云岫闻讯,心中沉甸甸的。此症她只在医书上见过记载,深知凶险。她本欲推辞,但见王妻哀戚绝望的眼神,又想起沈砚曾说“医者仁心,尽力而已”,便道:“嫂子,此症我实在把握不大,只能试着调理,若无效,万不可耽搁,定要另寻高明。”
她随王妻去看了老人。老人形销骨立,气息微弱,但神志尚清。云岫仔细问诊,观其舌苔厚腻微黄,脉象弦细而涩。她思索良久,忆起曾在一本医案中看到过用“启膈散”加减治疗类似症状的记载,其理在于润燥降逆,化痰开结。她不敢照搬原方,反复斟酌,结合老人体质,以沙参、丹参、茯苓、川贝母等为主,佐以少量荷梗、杵头糠(米糠),开了一个极为温和的方子。她叮嘱王妻,此药需浓煎慢呷,配合用藕汁、姜汁、梨汁等缓缓吞咽,以润泽食道,并要时刻注意老人情况。
此后,云岫每日必去王家探望一次,调整药量,观察变化。沈砚知她心中压力,常陪她同去,有时也帮着宽慰王家人。铁蛋更是跑前跑后,帮着煎药、记录。
如此精心调理了月余,或许是药症相对,或许是老人求生意志顽强,那噎塞之感竟真的慢慢有所缓解,能进些流质软食了。虽然离痊愈尚远,但老人精神好转,痛苦减轻,王家已是感激不尽。王木匠特意打了一套精巧的药柜送来,云岫坚辞不受,最终只收下了一小筐自家种的冬梨。

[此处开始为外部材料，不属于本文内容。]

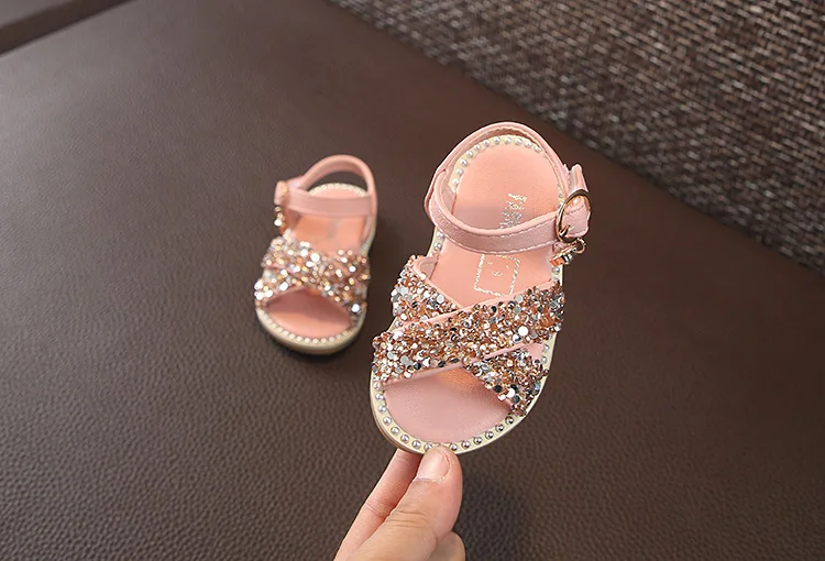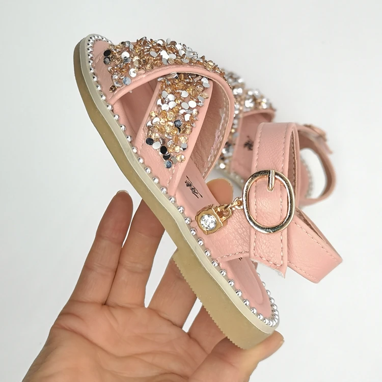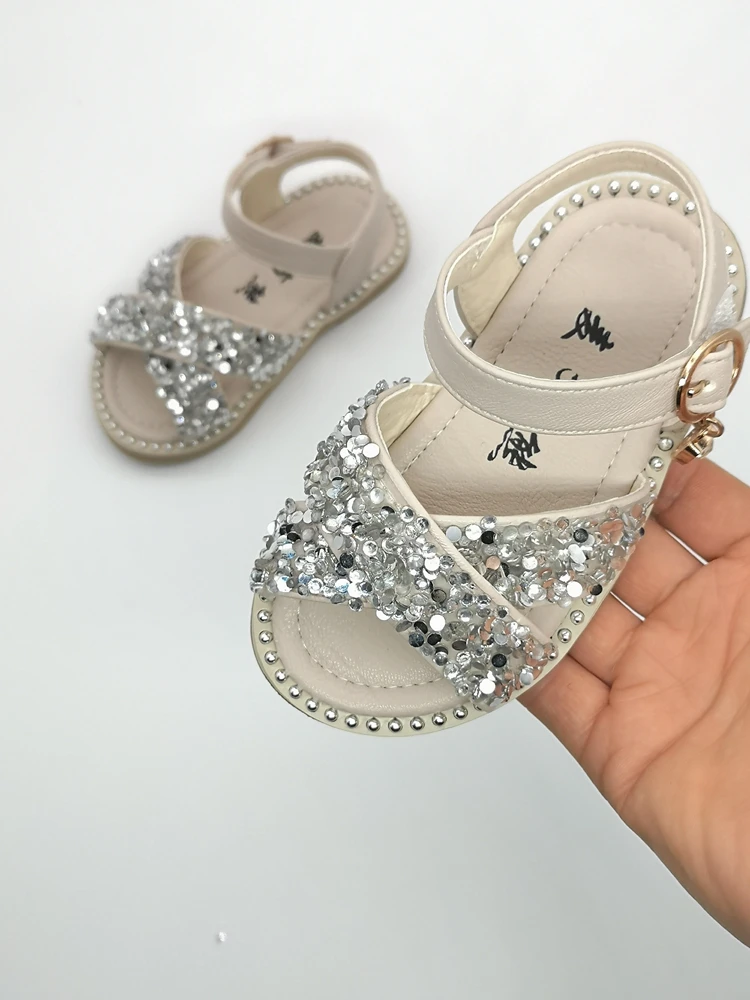 Босоножки Детские с блестками, бежевые стразы, для вечерние, на лето, 11,5-15,5 см
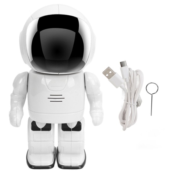 1、HD ROTATABLE: Wireless camera with 1080P HD image quality, image clearer. Swipe left and right on the phone to support horizontal 360 degree rotation and easily change the monitoring angle 2、CLEAR NIGHT VIEWING: Wireless security camera automatically sensing at night, turn on infrared night viewing, present a clear picture 3、TWO WAY CALLS: Home security cameras support two way voice calls, built in speakers and noise cancelling microphones, communication is barrier free, sound quality is clear without delay, you can care for your family no matter where you are 4、RECORDING AND STORAGE: Download the APP to easily and quickly play and loop video recording. The robot camera support large memory and small memory cards (not included), and can be played without network 5、SUPPORT SYSTEM: Astronaut robot home security camera supports for Android and for iOS systems, wireless remote monitoring, watch live video on the app. At the same time, the main account can authorize multiple people to watch at the same time, and can also be cancelled at any time

此事之后,云岫在村民心中的分量,又重了许多。连一些家中有老人的门户,也常来请教养生调理之法。云岫愈发感到学识不足,便与沈砚商量,想趁着冬日农闲,去镇上拜访那位曾为沈夫人诊过病、口碑颇佳的老郎中,虚心求教一段时间。
沈砚听罢,毫不犹豫地支持:“正当如此!读万卷书,还需行万里路,访百家师。家中一切有我,安儿你也放心。只是冬日行路不便,我让阿福驾车送你去,在镇上赁一处清净小屋,住上些时日,专心学习。”
得到丈夫全力支持,云岫心中大定。腊月里,她将家中事务、安儿的日常照料与沈夫人仔细交代,又将药庐的一应事宜托付给已能独当一面的铁蛋,这才带着简单的行李和满满一匣子问题笔记,在阿福的护送下,去了镇上。
云岫一走,沈家仿佛空了一半。安儿起初几日,夜里总要找娘,沈砚便抱着他,在书房里边踱步边念书,或是讲些母亲去学本领、将来能帮更多人的故事,慢慢哄睡。白日里,沈砚授课、理家,沈夫人则更多地看顾孙子,云大山夫妇也时常过来帮忙。铁蛋每日必来沈家向“师公”沈砚汇报药庐情况,处理不了的,便记下来,等云岫回来请教。
沈砚在忙碌之余,看着儿子熟睡的小脸,望着云岫常坐的书案,心中思念渐浓,却也满怀欣慰。他知道,他的妻子,正在属于她的道路上,坚定而勇敢地前行。他提笔给云岫写信,不谈家中琐事,只与她讨论近日读书心得,询问她学习进展,分享安儿的新趣事,末尾总不忘叮嘱:“潜心向学,勿念家中。寒夜添衣,善自珍重。”
云岫在镇上的日子,充实而辛苦。那位姓徐的老郎中起初对这位乡村来的小娘子并未十分看重,但见她态度恭谨,问的问题都在点上,所记医案虽稚嫩却条理清晰,尤其对妇人小儿调理颇有些独到见解,便也生了惜才之心,渐渐肯多指点她一些。云岫白日随诊、抄方、辨识药材,晚间便在自己的小屋里整理笔记,对照医书,常常熬到深夜。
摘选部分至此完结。